La famille de Maurice Audin et le PCF l'attendaient depuis 61 ans : Emmanuel Macron va reconnaître jeudi que ce mathématicien communiste militant de l'indépendance de l'Algérie, disparu en 1957, "est mort sous la torture du fait du système institué alors en Algérie par la France".
Une visite officielle auprès de la veuve Audin. Le chef de l'État est attendu jeudi à la mi-journée à Bagnolet, au domicile de la veuve de Maurice Audin, pour lui remettre une déclaration en ce sens, a précisé jeudi l'Élysée, confirmant une annonce sur France Inter du mathématicien et député LREM Cédric Villani, un proche de la famille qui avait toutefois été un peu plus loin en parlant d'une "reconnaissance de la responsabilité de l'État" dans son décès. Emmanuel Macron va également annoncer à cette occasion "l'ouverture des archives sur le sujet des disparus civils et militaires, français et algériens", selon l'Elysée.
Une disparition jusque-là inexpliquée. La disparition de Maurice Audin est l'une des plus mystérieuses de la guerre d'Algérie. Le 11 juin 1957, cet assistant de mathématiques à la faculté d'Alger et membre du Parti communiste algérien, suspecté d'aider le FLN, était arrêté, probablement par des parachutistes du général Jacques Massu, pendant la bataille d'Alger. Sa trace était perdue dix jours plus tard.

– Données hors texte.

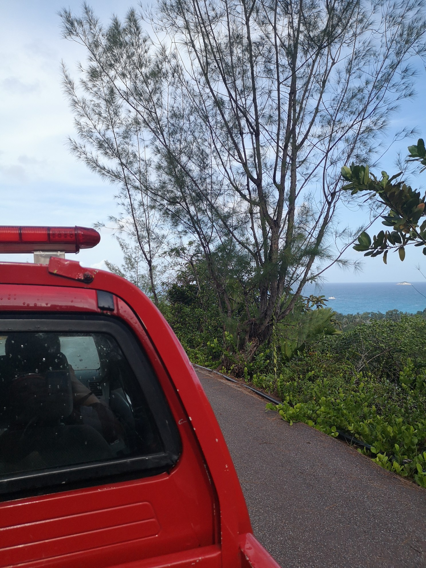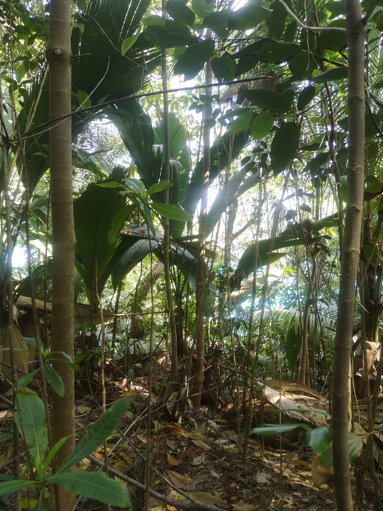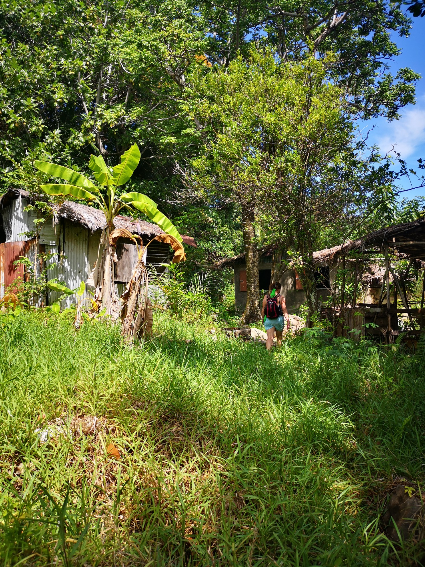 The beach at Grand Anse was just as empty as all the beaches. Where are all the tourists? In their hotels? The sun was getting quite aggressive. We looked for a bus stop and waited for the bus to the other coast. It went via Vallée de Mai, a national park in the middle of the island where you can see the famous Seychelles palm tree. The ride with the rumble bus through this park was already enough to get an impression. I already felt like I was on a safari. And since Mika warned me about the rip-off (300 SR entrance fee for not much), I will take the bus through this area again if necessary.

Aucune explication officielle ne sera donnée sur la disparition de ce père de trois enfants, si ce n'est "son évasion au cours d'un transfert". Sa femme Josette a déposé plainte contre X pour homicide volontaire à Alger et un comité de soutien s'est constitué autour d'elle. Les défenseurs d'Audin devront attendre 2013 pour obtenir une première victoire avec l'ouverture des archives concernant l'affaire décidée par François Hollande.
Dans La vérité sur la mort de Maurice Audin, paru en janvier 2014 le journaliste Jean-Charles Deniau concluait que Maurice Audin avait été tué par un sous-officier français sur ordre du général Jacques Massu, patron de la 10ème division parachutiste (DP) pendant la bataille d'Alger. Un ordre répercuté par Paul Aussaresses, un autre général, qui avait revendiqué plus tard l'usage de la torture en Algérie.
Une "victoire historique de la vérité", selon Laurent. Le geste du président, à la veille de l'ouverture de la Fête de l'Humanité, et le jour de l'annonce du plan pauvreté, a été immédiatement salué à gauche, et au premier chef par le Parti communiste qui plaide depuis des décennies aux côtés de la famille. Pierre Laurent y voit "une victoire historique de la vérité et de la justice", se réjouissant que tombe "un mensonge d'État qui durait depuis 61 ans".
Une nouvelle "guerre des mémoires" ? La décision historique d'Emmanuel Macron risque-t-elle de raviver la guerre des mémoires, comme l'avait fait sa déclaration en février 2017, lorsque le candidat à la présidentielle avait qualifié la colonisation de l'Algérie de "crime contre l'humanité" ?
"La France est grande quand elle affronte sereinement tout son passé", a estimé le député PS Boris Vallaud sur Twitter. Mais pour le président du groupe LR au Sénat Bruno Retailleau, qui réagissait sur RTL, si "il ne faut jamais craindre la vérité, (...) il ne faut pas instrumentaliser l'histoire, ce qui est souvent un sport national français, pour se battre la coulpe à perpétuité."
"Macron commet un acte de division, en pensant flatter les communistes", s'est indignée Marine Le Pen, la présidente du Rassemblement national (RN, ex FN), au micro du Talk du Figaro. "Quel est l'intérêt pour le président de la République de rouvrir des blessures, en évoquant le cas de Maurice Audin ? Il souhaite surfer sur la division des Français, au lieu de les réunir dans un projet".